アメリカ人のフィギュアスケート女子選手として、初めてトリプルアクセルに成功し、92年アルベールビル、94年リレハンメルの冬季五輪にも出場したトーニャ・ハーディング。92年、彼女の元夫ジェフが、トーニャのライバル選手を襲撃して負傷させた「ナンシー・ケリガン襲撃事件」を引き起こし、トーニャのスケーター人生は転落していきます。映画「アイ、トーニャ史上最大のスキャンダル」は、彼女の栄光と悲惨を描いたドラマです。

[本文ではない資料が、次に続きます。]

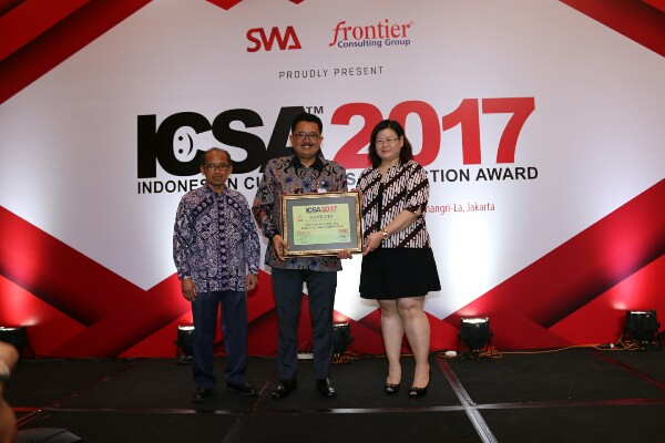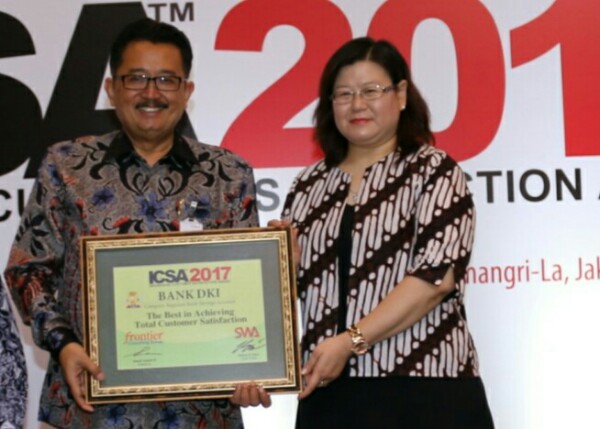 Direktur Bisnis Bank DKI, Antonius Widodo Mulyono (tengah) bersama Wakil Pemimpin Redaksi Majalah SWA, Sujatmaka (kiri) dan Direktur Riset Frontier Consulting Group, Sylvia Renate W (kanan) saat menerima penghargaan Indonesia Customer Satisfaction Award 2017 pada kategori The Best in Achieving Total Customer Satisfaction untuk produk tabungan Bank DKI di Jakarta, Rabu (22/11). Per September 2017, Bank DKI berhasil menghimpun Rp6,3 triliun Dana Pihak Ketiga dalam bentuk tabungan dengan total 1,9 juta nasabah. Dalam meningkatkan layanannya, Bank DKI juga menghadirkan aplikasi layanan keuangan JakOne Mobile untuk memudahkan nasabah dalam bertransaksi keuangan. (*)

映像表現、脚本、音楽、そしてキャスト、どれを取っても満点に近い出来です。本物のトーニャそっくりのマーゴット・ロビーが、インタビューを受けるシーンから映画は始まります。

幼年時代、暴力的な母親のもと、スケーターとしての実力をつけた彼女は、徐々に頭角を表していきます。他の選手が流麗なクラシック音楽に乗って演技をするのに、トーニャはハードロックです。特訓を受けたというマーゴットが、リンクを滑り、カメラが彼女を追いかけます。フィギュアスケートを撮ったシーンとしては、最高の出来上がりではないでしょうか。

トーニャは、知り合った男ジェフと結婚します。この男がDV男なのですが、殴り倒されても、母親との暴力に慣れていた彼女は、夫の急所を蹴り上げます。こんな夫婦が上手くいくわけがありません。なんと、夫は、彼女のライバルを脅迫することで、トーニャの女王の座を守ろうと思いつきます。その相談を受けた友人が、過食症気味で、仕事もせず、自分を英雄視するどうしようもない男。アメリカの貧困層であえぐ若者を象徴しています。

脅迫で終わらせるつもりが、これまた暴力的な友人がライバル選手ナンシーを襲撃してしまい、大きな事件になってしまうのです。マスコミに追われ窮地に追い込まれてしまうトーニャは、FBIの追求に晒されます。

一人の選手の頂点からの転落を描きながら、アメリカの幻影と現実を浮かび上がらせていく映画です。他の選手より技術力の高いトーニャですが、大きな大会で1位になれません。審判を問いつめたところ、返ってきたのは、貴方の家族がアメリカ的でないからという答え。優しい母と立派な父に囲まれて、プールのある家で育つた子女というイメージかもしれませんが、そんなもの彼女にあるわけがありません。

インタビューシーンで、彼女はふとこんな台詞をもらします。「直ぐに敵を作ってしまう」と。アメリカの理想の人物でなかった彼女はマスコミによって、アメリカの敵になってしまいます。そう言えば、ブッシュさんも、トランプさんも簡単に敵国を作って、愛国心を煽っていました。

何かと言えば、「ファック!」と叫ぶ登場人物たちの言葉は、そのまま豊かで健全なアメリカというイメージへとぶつけられていきます。今年観た「スリー・ビルボード」と並んで、アメリカを描いた傑作です。ラストシーンも、やるなぁ〜というオチです。

因みに母親を演じたアリソン・ジャネイは今年のアカデミー助演女優賞を獲得。最後の最後までどうしようもない母親像を演じきりました。